* [TASK PROMPT]: The answer must give back every line of the data exactly, with no pictures.

* [DATA BLOCK]:
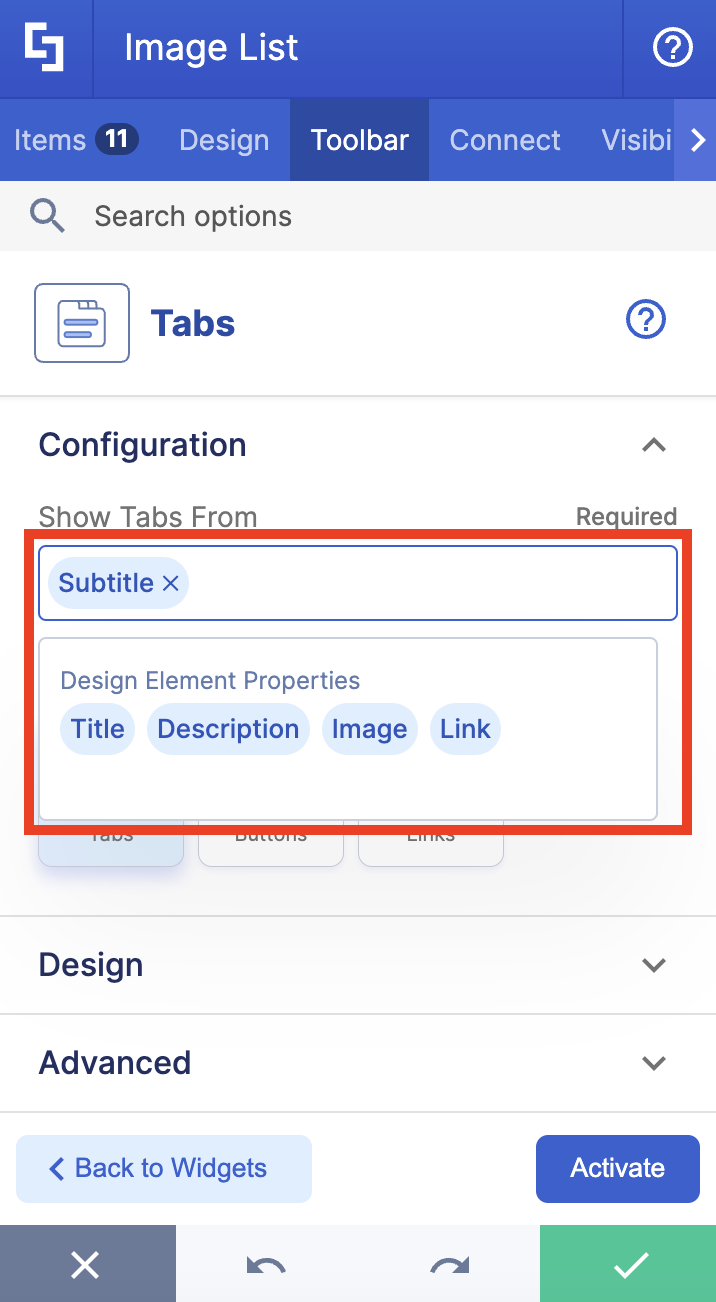 - Choose the Design Element property (Title, Subtitle, Description, etc.) you want to be shown as Tabs.
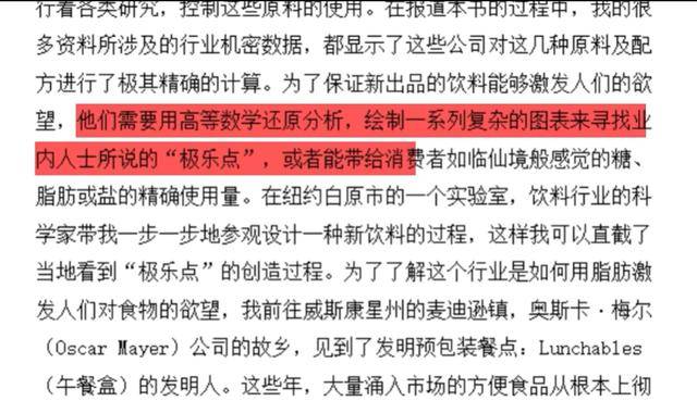 于是他通过实验,找到了食物中加糖量的“极乐点”——即能让人感受到极致愉悦的最佳含糖量。从这开始,食品行业开始借助数据分析、图表绘制等方式寻找糖的“极乐点”。食品巨头一方面协助科研机构研究感官体验,另一方面通过各类营销手段消除人们的负罪感。
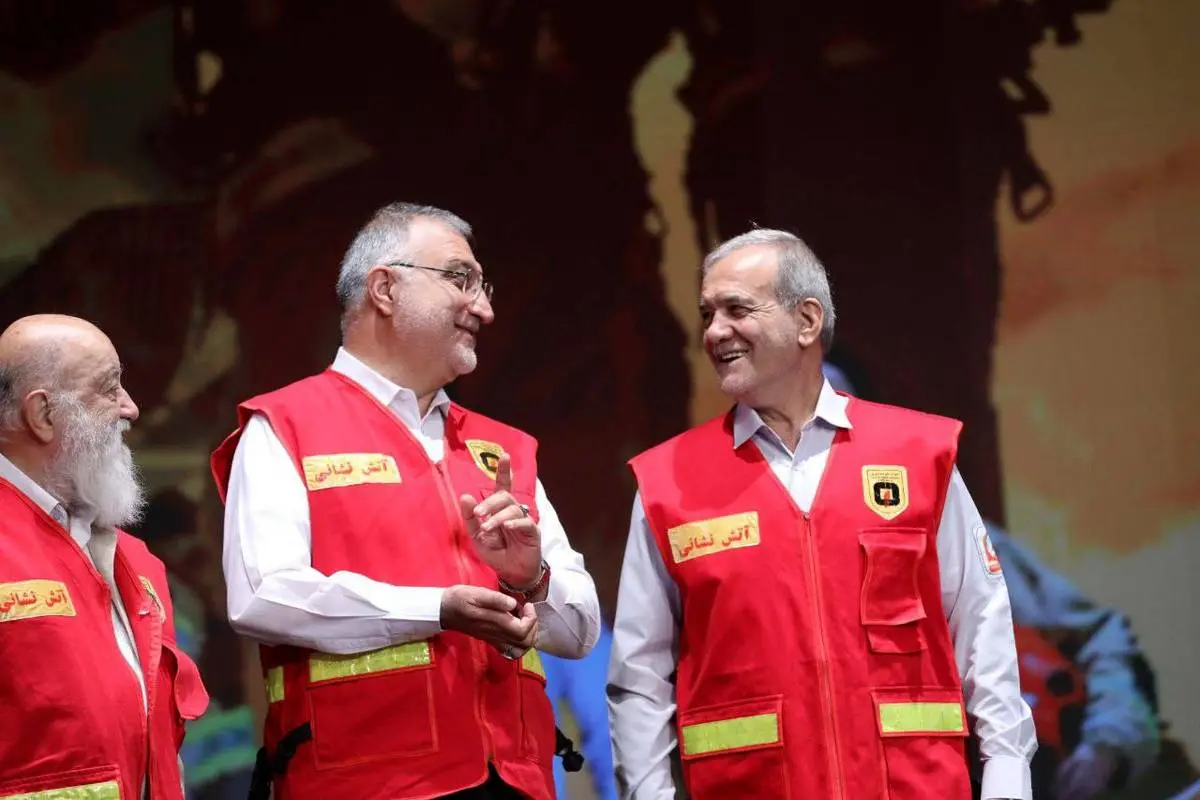 تصاویر پربازدید از پزشکیان و زاکانی در لباس آتشنشانی

* [WRITTEN REPLY]:
 - Choose the Design Element property (Title, Subtitle, Description, etc.) you want to be shown as Tabs.
 于是他通过实验,找到了食物中加糖量的“极乐点”——即能让人感受到极致愉悦的最佳含糖量。从这开始,食品行业开始借助数据分析、图表绘制等方式寻找糖的“极乐点”。食品巨头一方面协助科研机构研究感官体验,另一方面通过各类营销手段消除人们的负罪感。
 تصاویر پربازدید از پزشکیان و زاکانی در لباس آتشنشانی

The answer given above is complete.